## ABOUT THIS EXERCISE
I'd like the entries repeated exactly, pictures omitted.

+-------+

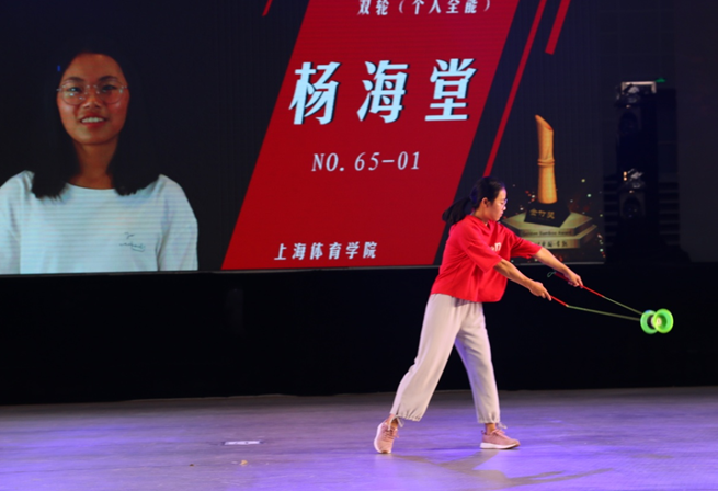 8月8日上午开幕式结束后,比赛如约而至,队员们争分夺秒,做好赛前准备,找到最佳状态,展示青年群体空竹速度。经过3天的高强度作战,上海体育公司空竹代表队初出茅庐便成绩喜人,在个人全能、抛高跳绳、双人互抛、腿串、手串等大项中均获得优异成绩,共计金1银13铜。其中,队员杨海棠、陈冠华、劳鹏分别为观众展示了一段高难度的个人自编表演,包括双轮一线一、直立铃、一线二等技术动作,并且与武术、健美操、跳绳等其他运动项目相结合,形成一段速度与花样齐飞,激情与活力同在的表演,为这群拼尽全力的队员们点赞!值得一提的是休闲公司的研究生文君君、韩雨、刘璐也积极参加了比赛,在大赛中一显身手,斩获一银四铜的好成绩。
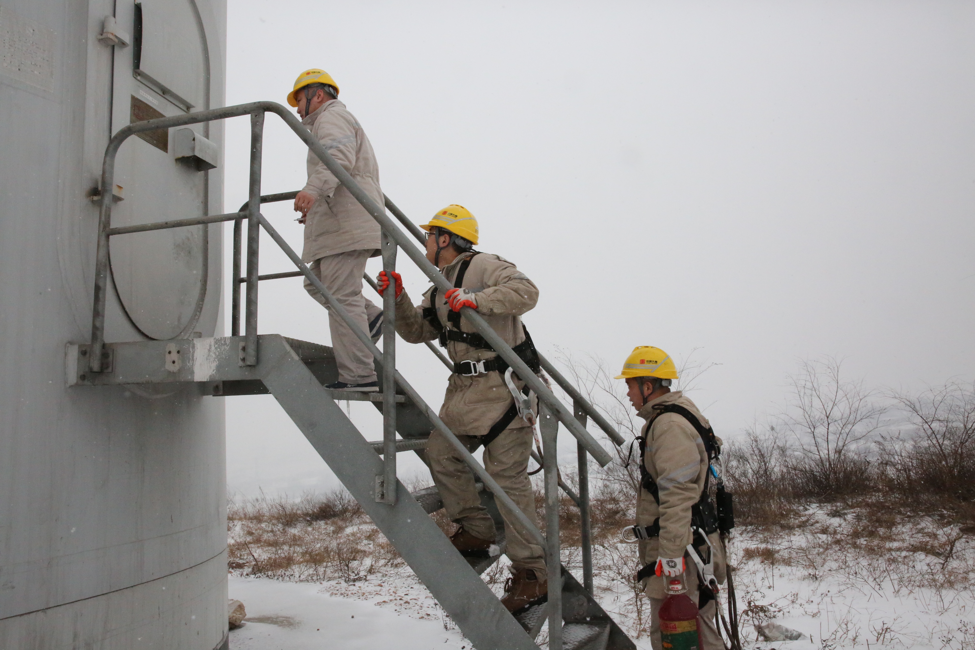 開(kāi)艙門、做安措、“三講一落實(shí)”……風(fēng)機(jī)底下的溫度已逼近零下十度,風(fēng)機(jī)艙外樓梯上的冰溜子直杠杠的掛著,八十多米高的風(fēng)機(jī)機(jī)艙里或許更是一片“凍天”,但他們?yōu)槌弥★L(fēng)期消缺無(wú)所畏懼。
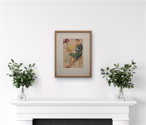 Work is in good condition, consistent with age. Some light creases are visible in the far edges and a minor hole in the upper left. Framed size 58 x 45.5cm.
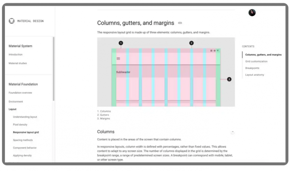 Material Design的柵格布局是響應(yīng)式的,能夠根據(jù)設(shè)備的屏幕大小和方向自動(dòng)調(diào)整。設(shè)計(jì)師可以利用五個(gè)斷點(diǎn)(xs, sm, md, lg, xl)來(lái)定義在不同屏幕尺寸下的列數(shù)和布局方式,從而實(shí)現(xiàn)靈活的設(shè)計(jì)。
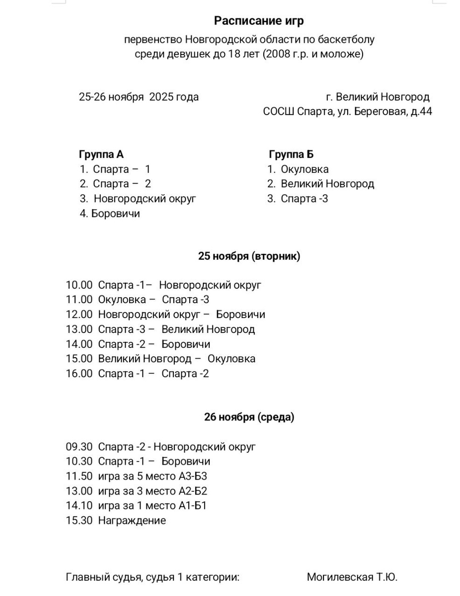 Расписание 📅 матчей первенства Новгородской области по баскетболу 🏀 среди девушек до 18 лет (2008 г. р. моложе)
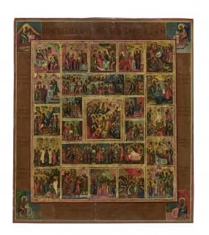 Russie, icône en 28 scènes, tempera sur panneau, 35x31 cm
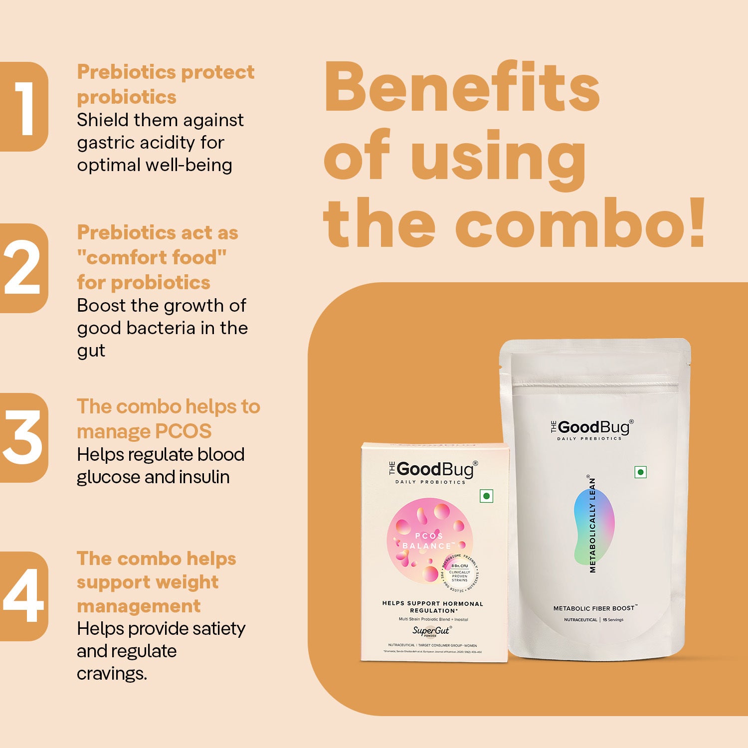 - The synergy between probiotics and fiber, with fiber acting as a prebiotic, holds the potential to significantly benefit individuals with PCOS. One key aspect of PCOS management involves maintaining healthy blood sugar levels and improving insulin sensitivity. By increasing fiber intake, we support the growth of beneficial gut bacteria, creating an environment conducive to better glucose and insulin regulation. This dual approach of probiotics and fiber can play a vital role in effectively managing PCOS symptoms.
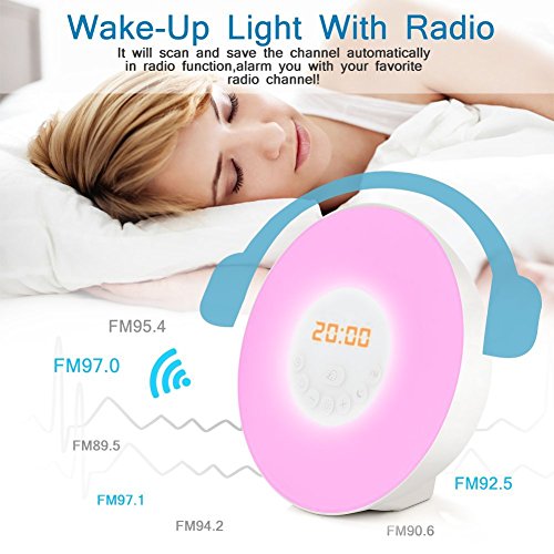 - New Design Morning Sunrise Simulation - Wake-Up Alarm Light clock, Wake up light, LED nightlight, nursery night light, baby/ kids/ children’s/ night light, nightlight for kids, FM radio, bedside lamp, led lamp
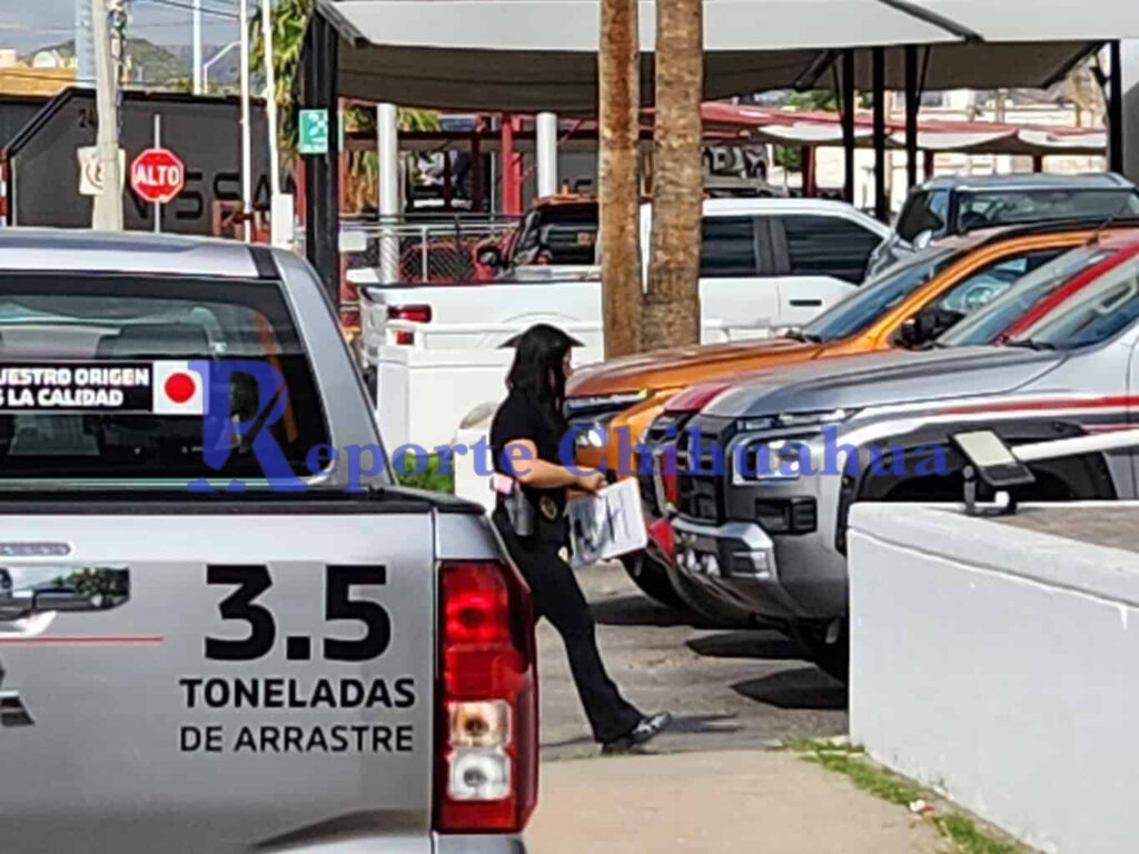 La Fiscalía y Seguridad Pública realizan diligencias en Mitsubishi tras el robo de dos vehículos. Se investiga la situación interna de la agencia en Chihuahua.
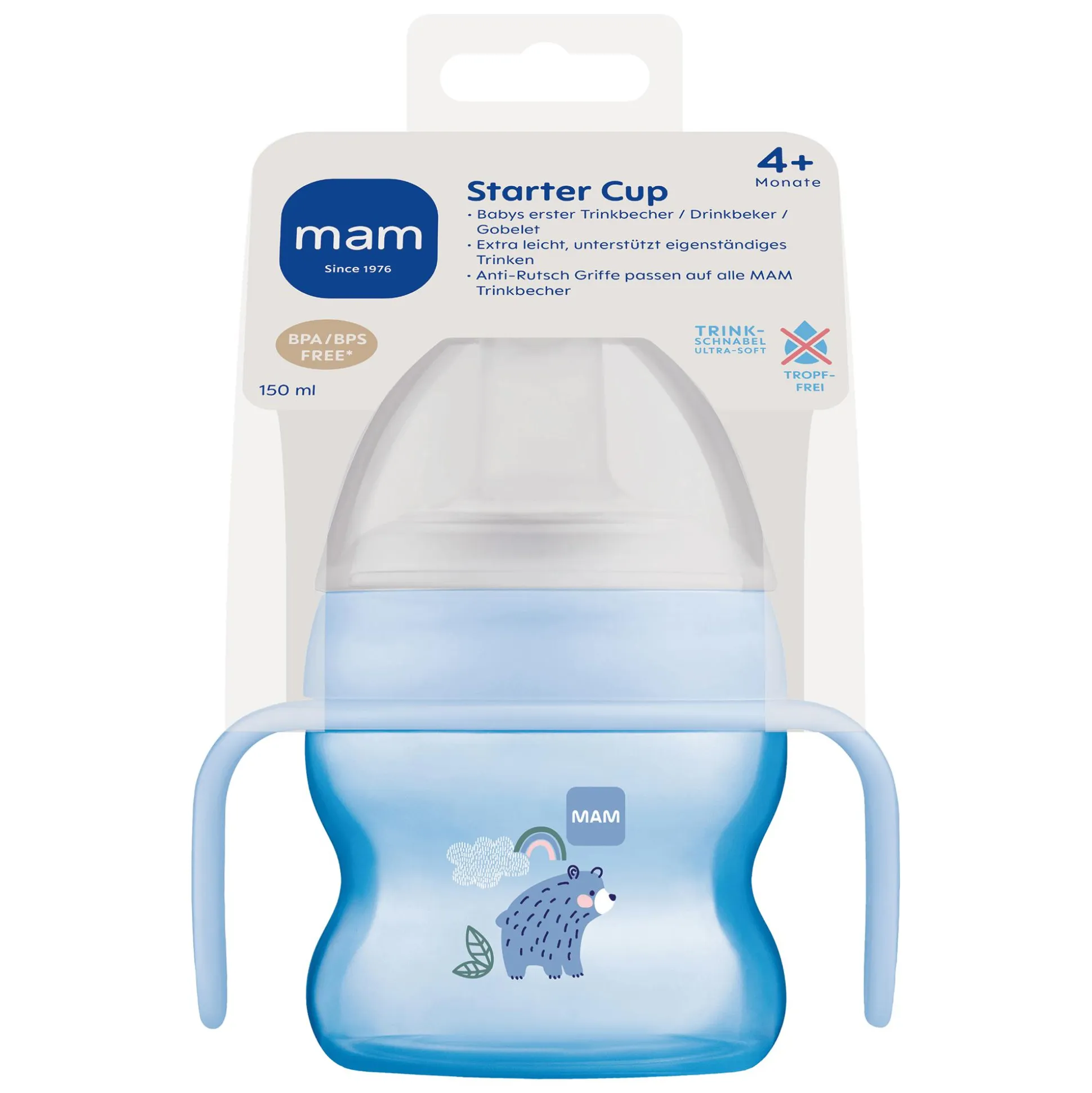 Ein extra-weicher, tropffreier Silikon-Trinkschnabel ist ideal für die ersten Trinkversuche aus einem Becher geeignet. Der am Rand des Bechers angebrachte Trinkschnabel bereitet deinem kleinen Schatz auf das Trinken aus dem Glas vor, ganz ohne Kleckern. Die taillierte Form und die ergonomischen, rutschsicheren Griffe erleichtern es den Becher gut zu halten. Durch den Verschlussdeckel kannst du den Trinkbecher verschließen und damit auch leicht unterwegs transportieren. Man kann die Trinklernflasche einfach in der Spülmaschine reinigen. Der Trinklernbecher ist für Kinder ab ca. 4 Monaten geeignet. Alle Einzelteile des Starter Cups kannst du mit anderen MAM Trinkbechern kombinieren. Der Becher ist selbstverständlich BPA/BPS-, PVC- und metallfrei.
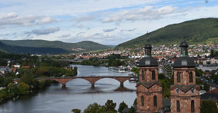 | A scenic view of the historic town of Miltenberg, situated on the Main River. The image taken from the Miltenberg castle, shows the town's distinctive red sandstone bridge and church towers, surrounded by forested hills. | |||

+-------+

## EXERCISE ANSWER
 8月8日上午开幕式结束后,比赛如约而至,队员们争分夺秒,做好赛前准备,找到最佳状态,展示青年群体空竹速度。经过3天的高强度作战,上海体育公司空竹代表队初出茅庐便成绩喜人,在个人全能、抛高跳绳、双人互抛、腿串、手串等大项中均获得优异成绩,共计金1银13铜。其中,队员杨海棠、陈冠华、劳鹏分别为观众展示了一段高难度的个人自编表演,包括双轮一线一、直立铃、一线二等技术动作,并且与武术、健美操、跳绳等其他运动项目相结合,形成一段速度与花样齐飞,激情与活力同在的表演,为这群拼尽全力的队员们点赞!值得一提的是休闲公司的研究生文君君、韩雨、刘璐也积极参加了比赛,在大赛中一显身手,斩获一银四铜的好成绩。
 開(kāi)艙門、做安措、“三講一落實(shí)”……風(fēng)機(jī)底下的溫度已逼近零下十度,風(fēng)機(jī)艙外樓梯上的冰溜子直杠杠的掛著,八十多米高的風(fēng)機(jī)機(jī)艙里或許更是一片“凍天”,但他們?yōu)槌弥★L(fēng)期消缺無(wú)所畏懼。
 Work is in good condition, consistent with age. Some light creases are visible in the far edges and a minor hole in the upper left. Framed size 58 x 45.5cm.
 Material Design的柵格布局是響應(yīng)式的,能夠根據(jù)設(shè)備的屏幕大小和方向自動(dòng)調(diào)整。設(shè)計(jì)師可以利用五個(gè)斷點(diǎn)(xs, sm, md, lg, xl)來(lái)定義在不同屏幕尺寸下的列數(shù)和布局方式,從而實(shí)現(xiàn)靈活的設(shè)計(jì)。
 Расписание 📅 матчей первенства Новгородской области по баскетболу 🏀 среди девушек до 18 лет (2008 г. р. моложе)
 Russie, icône en 28 scènes, tempera sur panneau, 35x31 cm
 - The synergy between probiotics and fiber, with fiber acting as a prebiotic, holds the potential to significantly benefit individuals with PCOS. One key aspect of PCOS management involves maintaining healthy blood sugar levels and improving insulin sensitivity. By increasing fiber intake, we support the growth of beneficial gut bacteria, creating an environment conducive to better glucose and insulin regulation. This dual approach of probiotics and fiber can play a vital role in effectively managing PCOS symptoms.
 - New Design Morning Sunrise Simulation - Wake-Up Alarm Light clock, Wake up light, LED nightlight, nursery night light, baby/ kids/ children’s/ night light, nightlight for kids, FM radio, bedside lamp, led lamp
 La Fiscalía y Seguridad Pública realizan diligencias en Mitsubishi tras el robo de dos vehículos. Se investiga la situación interna de la agencia en Chihuahua.
 Ein extra-weicher, tropffreier Silikon-Trinkschnabel ist ideal für die ersten Trinkversuche aus einem Becher geeignet. Der am Rand des Bechers angebrachte Trinkschnabel bereitet deinem kleinen Schatz auf das Trinken aus dem Glas vor, ganz ohne Kleckern. Die taillierte Form und die ergonomischen, rutschsicheren Griffe erleichtern es den Becher gut zu halten. Durch den Verschlussdeckel kannst du den Trinkbecher verschließen und damit auch leicht unterwegs transportieren. Man kann die Trinklernflasche einfach in der Spülmaschine reinigen. Der Trinklernbecher ist für Kinder ab ca. 4 Monaten geeignet. Alle Einzelteile des Starter Cups kannst du mit anderen MAM Trinkbechern kombinieren. Der Becher ist selbstverständlich BPA/BPS-, PVC- und metallfrei.
 | A scenic view of the historic town of Miltenberg, situated on the Main River. The image taken from the Miltenberg castle, shows the town's distinctive red sandstone bridge and church towers, surrounded by forested hills. | |||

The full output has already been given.